While both MD5 and SHA1 have been proved ineffective where collision prevention is essential I suspect for your application either would be sufficient. I don't know for sure but I suspect that MD5 would be the simpler and quicker of the two algorithms.

Use the System.Security.Cryptography.SHA1Cng class, I would suggest. It's 160 bits or 20 bytes long, so that should definitely be small enough. If you need it to be a string, it will only require 40 characters, so that should suit your needs well. It should also be fast enough, and as far as I know, no collisions have yet been found.

I'd personally use String.GetHashCode(). This is the basic hash function. I honestly have no idea how it performs compared to other implementations but it should be fine.
Either of the two hashing functions that you name should be quick enough that you won't notice much difference between them. Unless this site requires ultra-high performance I would not worry too much about them. I'd personally probably go for MD5. This can be formatted as a string as hexdecimal in 64 characters or as a base 64 string in 44 characters.
The reason I'd go for MD5 is because you are very unlikely to run into collisions and even if you do you can structure your queries with "where urlhash = #hash and url = #url". The database engine should work out that one is indexed and the other isn't and use that information to do a sensible search.
If there are colisions the indexed scan on urlhash will return a handful of results which will be easy to do text comparisons on to get the right one. This is unlikely to be relevant very often though.
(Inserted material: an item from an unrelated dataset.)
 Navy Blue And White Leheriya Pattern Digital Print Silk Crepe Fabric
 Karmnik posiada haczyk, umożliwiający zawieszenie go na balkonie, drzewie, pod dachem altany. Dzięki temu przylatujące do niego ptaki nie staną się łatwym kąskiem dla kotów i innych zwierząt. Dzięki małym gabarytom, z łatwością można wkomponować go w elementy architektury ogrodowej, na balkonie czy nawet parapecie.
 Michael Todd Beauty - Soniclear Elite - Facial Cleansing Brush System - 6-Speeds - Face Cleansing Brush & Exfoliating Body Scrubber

You've pretty low chances of getting collisions this way.

Reflected source code of GetHashCode function in .net 4.0
public override unsafe int GetHashCode()
{
fixed (char* str = ((char*) this))
{
char* chPtr = str;
int num = 0x15051505;
int num2 = num;
int* numPtr = (int*) chPtr;
for (int i = this.Length; i > 0; i -= 4)
{
num = (((num << 5) + num) + (num >> 0x1b)) ^ numPtr[0];
if (i <= 2)
{
break;
}
num2 = (((num2 << 5) + num2) + (num2 >> 0x1b)) ^ numPtr[1];
numPtr += 2;
}
return (num + (num2 * 0x5d588b65));
}
}
There was O(n) simple operations(+, <<, ^) and one multiplication. So this is very fast.
I've tested this function on 3 mln DB contains strings lengths up to 256 characters and about 97% of strings has no collision. (Maximum 5 strings have the same hash)
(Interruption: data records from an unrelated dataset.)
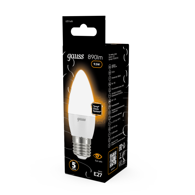 Светодиодные лампы Gauss Black Candle созданы в форме свечи. Лампы подойдут как для домашнего, так и для коммерческого использования. Такой тип освещения прекрасно смотрится в светильниках без плафонов или устанавливается в люстры и бра. Модель обладает широким диапазоном цветовых температур и мощностей, что поможет создать атмосферу тепла и уюта или концентрации. Равномерный спектр света создает зрительный комфорт в любом помещении. Данный тип освещения от Gauss обеспечивают стабильную работу в течение всего срока службы.
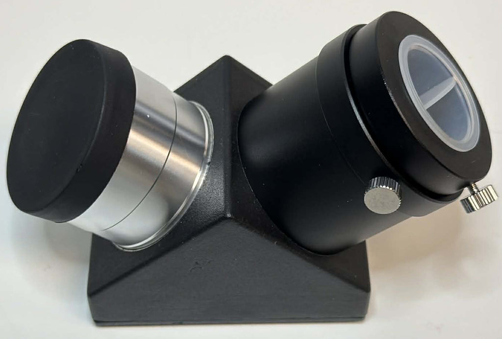 This comes with a 2" to 1.25" adapter for use with 1.25" eyepieces and both dust caps. It will only work with refractors and similar Maks that don't have a visual back.
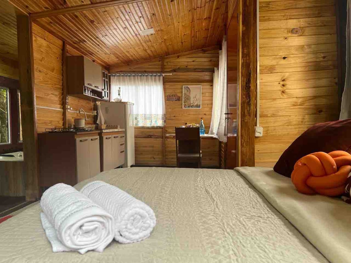 Relaxe neste espaço calmo e cheio de estilo. Um chalé bem diferente, tranquilo com hidro para você relaxar! Possui uma cozinha básica, churrasqueira a carvão (leve seu carvão para assar uma carninha). Cantinho da fogueira; Oferecemos roupa de cama limpa, 4 toalhas e disponibilizamos itens de limpeza (detergente e esponja para louças) e sabão líquido para as mãos no banheiro. Regras importantes: é proibido som automotivo ou qualquer outro ruído alto, tbm não pode fumar dentro do chalé!
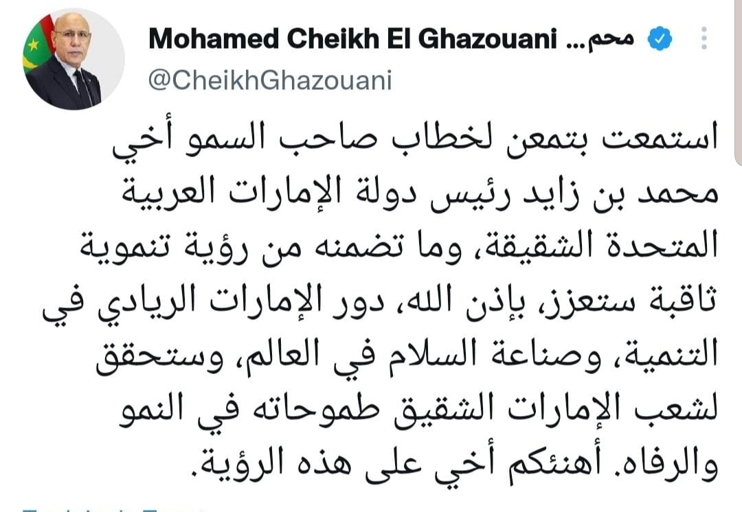 أوضح فخامة رئيس الجمهورية، السيد محمد ولد الشيخ الغزواني، أن الرؤية التنموية الثاقبة لرئيس دولة الإمارات العربية المتحدة، صاحب السمو الشيخ محمد بن زايد آل نهيان، ستعزز دور دولة الإمارات الريادي في التنمية.
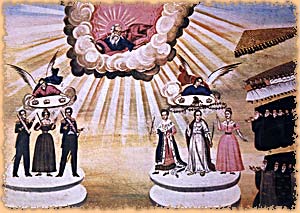 εικονίζεται ανάμεσα στον Όθωνα και την Αμαλία, ενώ παρίστανται ο λαός,
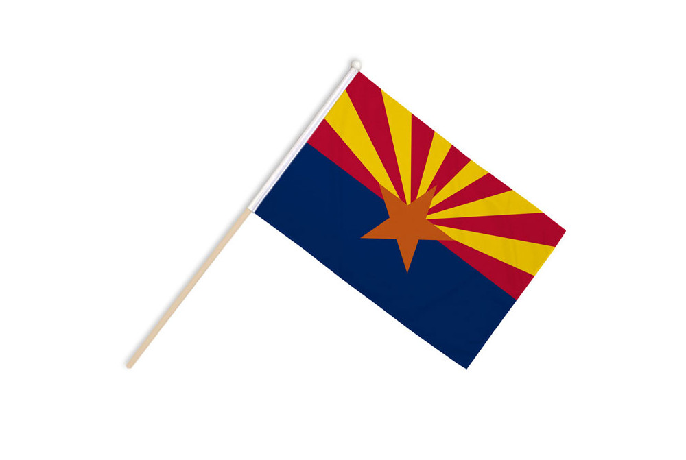 The Arizona Hand Flag is a striking symbol of the state's rich history, vibrant culture, and connection to the American Southwest. Featuring the iconic copper, red, yellow, and blue colors of the Arizona state flag, this hand-held flag represents Arizona's natural beauty, its legacy as the "Grand Canyon State," and its proud identity as part of the United States. The Arizona Hand Flag is perfect for celebrating Arizona's statehood, supporting local sports teams, or participating in cultural events that showcase the state's unique heritage. Crafted with durable materials, this flag is designed to maintain its vibrant colors and withstand repeated use. Lightweight and easy to carry, the Arizona Hand Flag is ideal for waving at public events, parades, and festivals that celebrate Arizona's culture and pride.
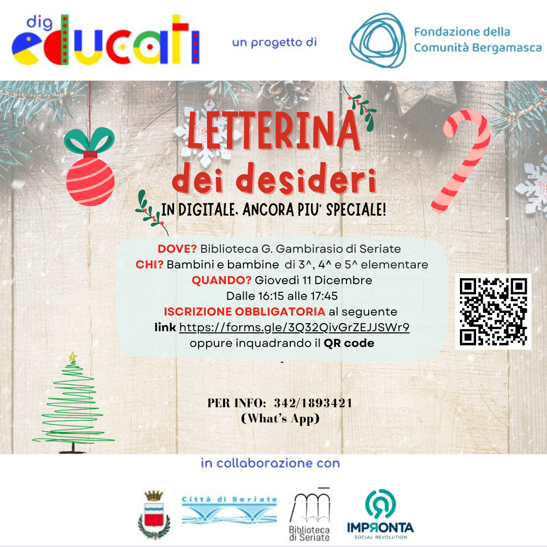 Laboratorio Digeducati per bambini della scuola primaria In questo laboratorio speciale, i bambini e le bambine potranno scrivere la loro Letterina dei Desideri in un formato del tutto digitale, rendendola ancora più unica e interattiva. Giovedì 4 dicembre dalle 16:15 alle 17:45 per bambini e bambine di 1° e 2° della scuola primaria ISCRIZIONE OBBLIGATORIA

You may want to look at the following project:
CMPH - C Minimal Perfect Hashing Library
And check out the following hot topics listing for perfect hashes:
Hottest 'perfect-hash' Answers - Stack Overflow
You could also consider using a full text index in SQL rather than hashing:
CREATE FULLTEXT INDEX (Transact-SQL)

Related

I just noticed I get different hashcodes from objects depending on if I build for x86 or 64. Can I do that aswell?
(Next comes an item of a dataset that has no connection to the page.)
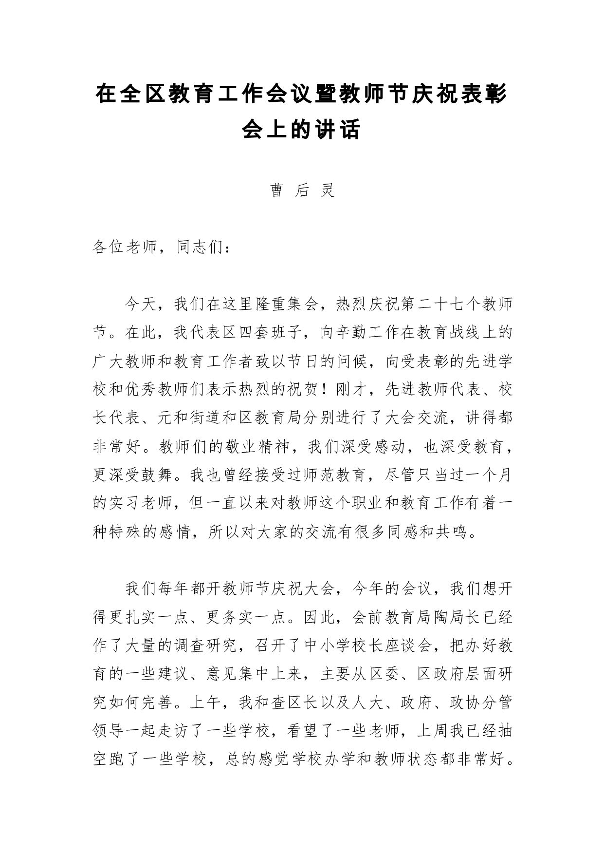 标题:教师节讲话:在全区教育工作会议暨教师节庆祝表彰会上的讲话
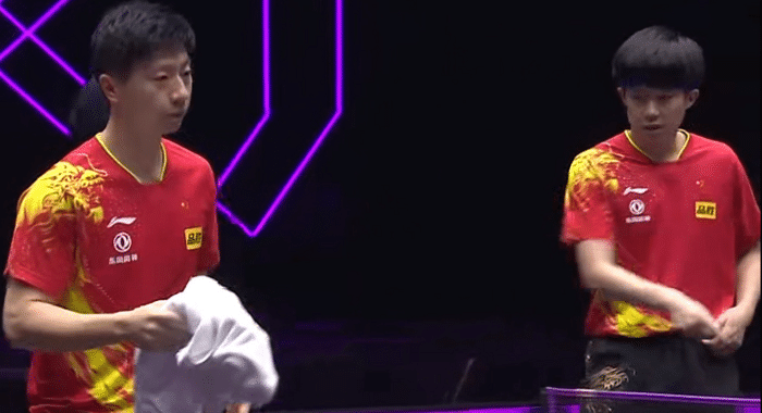 因为是国乒球员之间的对决,所以场边是没有教练员进行指导的,球员们自己选择暂停和调整。

I noticed that hashcodes I got from other objects were different when I built for a either x86 or x64.
Up until now I have implemented most of my own hashing functions like this:
int someIntValueA;
int someIntValueB;
const int SHORT_MASK = 0xFFFF;
public override int GetHashCode()
{
return (someIntValueA & SHORT_MASK) + ((someIntValueB & SHORT_MASK) << 16);
}
Will storing the values in a long and getting the hashcode from that give me a wider range as well on 64-bit systems, or is this a bad idea?
public override int GetHashCode()
{
long maybeBiggerSpectrumPossible = someIntValueA + (someIntValueB << 32);
return maybeBiggerSpectrumPossible.GetHashCode();
}

No, that will be far worse.
Suppose your int values are typically in the range of a short: between -30000 and +30000. And suppose further that most of them are near the middle, say, between 0 and 1000. That's pretty typical. With your first hash code you get all the bits of both ints into the hash code and they don't interfere with each other; the number of collisions is zero under typical conditions.
But when you do your trick with a long, then you rely on what the long implementation of GetHashCode does, which is xor the upper 32 bits with the lower 32 bits. So your new implementation is just a slow way of writing int1 ^ int2. Which, in the typical scenario has almost all zero bits, and hence collisions all over the place.

The approach you suggest won't make anything any better (quite the opposite).
However…
SpookyHash is for example designed to work particularly quickly on 64-bit systems, because when working out the math the author was thinking about what would be fast on a 64-bit system, xxHash has 32-bit and 64-bit variants that are designed to give comparable quality of hash at better speed for 32-bit and 64-bit computation respectively.
The general idea of making use of the differences performances of different arithmetic operations on different machines is a valid one.
And your general idea of making use of a larger intermediary storage in hash calculation is also a valid one as long as those extra bits make their way into subsequent operations.
So at a very general level, the answer is yes, even if your particular implementation fails to come through with that.
Now, in practice, when you're sitting down to write a hashcode implementation should you worry about this?
Well it depends. For a while I was very bullish about using algorithms like SpookyHash, and it does very well (even on 32-bit systems) when the hash is based on a large amount of source data. But on the other hand it can be better, especially when used with smaller hash-based sets and dictionaries, to be crappy really fast than fantastic slowly. So there isn't an one-solution-fits-all answer. With just two input integers your initial solution is likely to beat a super-avalancy algorithm like xxHash or SpookyHash for many uses. You could perhaps do better if you also had a >> 16 to rotate rather than shift (fun fact, some jitters are optimised for that), but we're not touching on 64- vs 32-bit versions in that at all.
The cases where you do find a big possible improvement with taking a different approach in 64- and 32-bit are where there's a large amount of data to mix in, especially if it's in a blittable form (like string or byte[]) that you can access via a long* or int* depending on framework.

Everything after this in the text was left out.